Al-Mustafa Centre, officially Al-Mustafa Cultural and Educational Centre (AMCEC), is a community organisation based in Bradford, West Yorkshire, England.

Establishment 
The organisation was established by a Pakistani Islamic Scholar, Anwar Ul Mustafa Hamdami. He is the son of the late Shaykh Ul Hadith Ghulam Nabi Hamdami. He is also the elder brother of Mukhtar Ul Mustafa the composer and director of Islamic documentaries and presenter of The Saturday Night Live show on Noor TV. Anwar Ul Mustafa came to UK to take a post as the Imam and khateeb of the Jamia Masjid Hanifa in Bradford in 1998. He established his own organisation in 2002.

Activities 
Al-Mustafa Centre is at the heart of the Girlington Community of Bradford. It carries out a variety of projects and activities for the social, religious, moral and spiritual betterment of the local community. Most notably it has a supplementary school with over 200 students attending daily to learn Arabic and Islamic studies.

The centre is one of few Islamic organisations led and run by young people from the community. For this reason, it has for many years been at the forefront in using innovative means and taking bold steps to carry out its projects.

The centre is also one of few Islamic organisations with an English-speaking Imam who delivers the weekly Jumu'ah lecture. Shaykh Saad al Attas joined the centre in 2009 and took on a permanent role as an Imam and teacher. Shaykh Sa'ad is a well-known English-speaking scholar of the Ahlus Sunnah creed and attends events and conferences throughout the UK delivering lectures.

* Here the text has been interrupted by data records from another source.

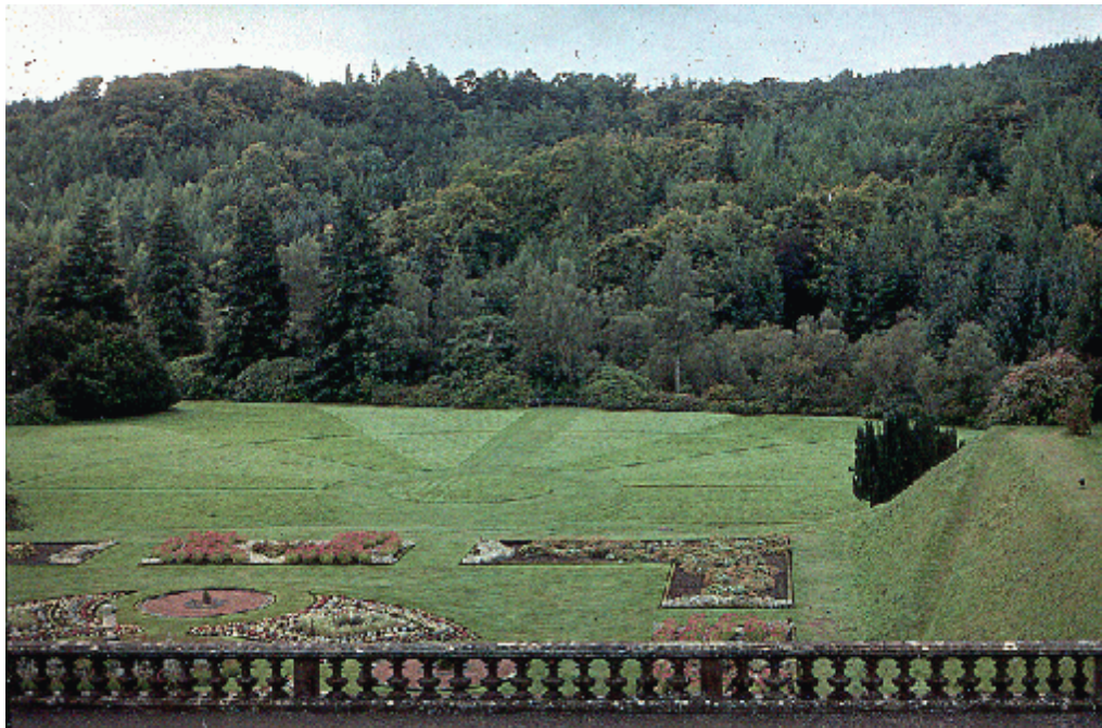
The ultimate multipurpose, mixed species, uneven-aged multi-storied high forest system at Drumlanrig Castle, south Scotland. A better definition for this plantation is Forest Garden .
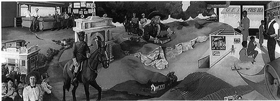
Picture History , C.L. Hoover Opera House Mural First Floor, 8' x 30', Junction City, Kansas. Artists: Amber Hansen and Nicholas Ward. 2008
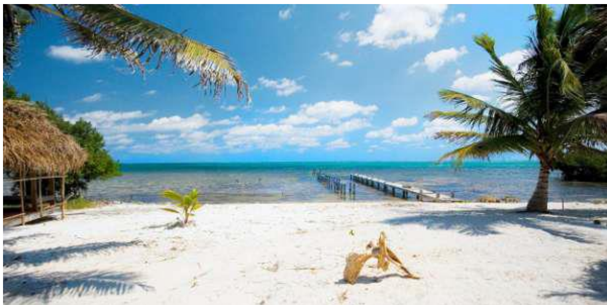
View from the cabanas at Bacalar Chico Dive Camp the base for the expedition

They have a team of dedicated researchers and volunteers who study all aspects of the marine ecosystem - from fish species and coral all the way through to local fishing techniques and ways of life.
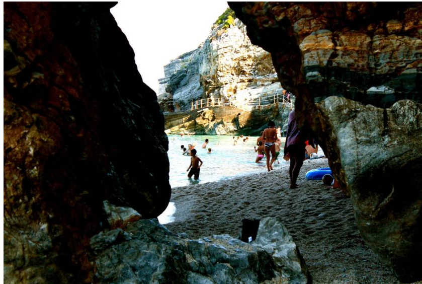
The Mylopotamos beach on the Pelion peninsula. (Elizabeth Warkentin)

Vertiginous mountain roads offering sweeping views of the sea are interrupted by villages typified by leafy, sun-dappled squares and half-timbered houses, many often adorned with overhanging balconies and the ubiquitous vidrio , or stained-glass, windows.

The centre is also recognised as a provider of classes for adults to learn Islamic subjects such as Tajweed, Hadith, Fiqh, and Aqeedah, and currently has 8 classes running per week for adults. Other activities that the organisation is known for include sports and homework clubs, Community Cohesion Conferences and guest lectures by internationally renowned scholars and annual Mawlid events with nasheed artists from all over the world participating.

Alim course 
Arguably, the centre is best known in the UK, and particularly in the Bradford Sunni Muslim community, as one of the most successful Dar ul Ulooms. The centre has a number of Dars E Nizami (Alim course) classes running from Monday to Friday under the supervision of its Head Imam Mufti Muhammad Fazal Bandyalwi. Mufti Muhammad is the younger brother of Mufti Aslam Bandyalwi, also of Bradford, who is the principal of another notable Dar ul Uloom in Bradford, Jamia Islamia Rizvia. Mufti Muhammad Fazal took on the role of head imam and head of the Alim course in 2005 and has since taught the traditional sciences to students studying at a higher level and training to become Imams in the UK. Mufti Muhammad has a strong reputation amongst scholars as being a very impressive and competent muddaris (teacher) and is particularly recognised for his great grasp of and ability to teach traditional Arabic grammar (Sarf and Nahw) and Hanafi Fiqh.

In 2009, the first six students graduated from the Centre as imams. These include Moulana Wajid Iqbal, Moulana Qari Imran Rizvi, Moulana Hafiz Abdul Samee, Moulana Hafiz Abdul Saeed, and Moulana Abdul Hafeez Aziz. These imams have been a great success story not only for the centre but for the wider Sunni community. Having studied in the UK, they are now themselves teaching the Alim course to other students both at Al-Mustafa and other institutions.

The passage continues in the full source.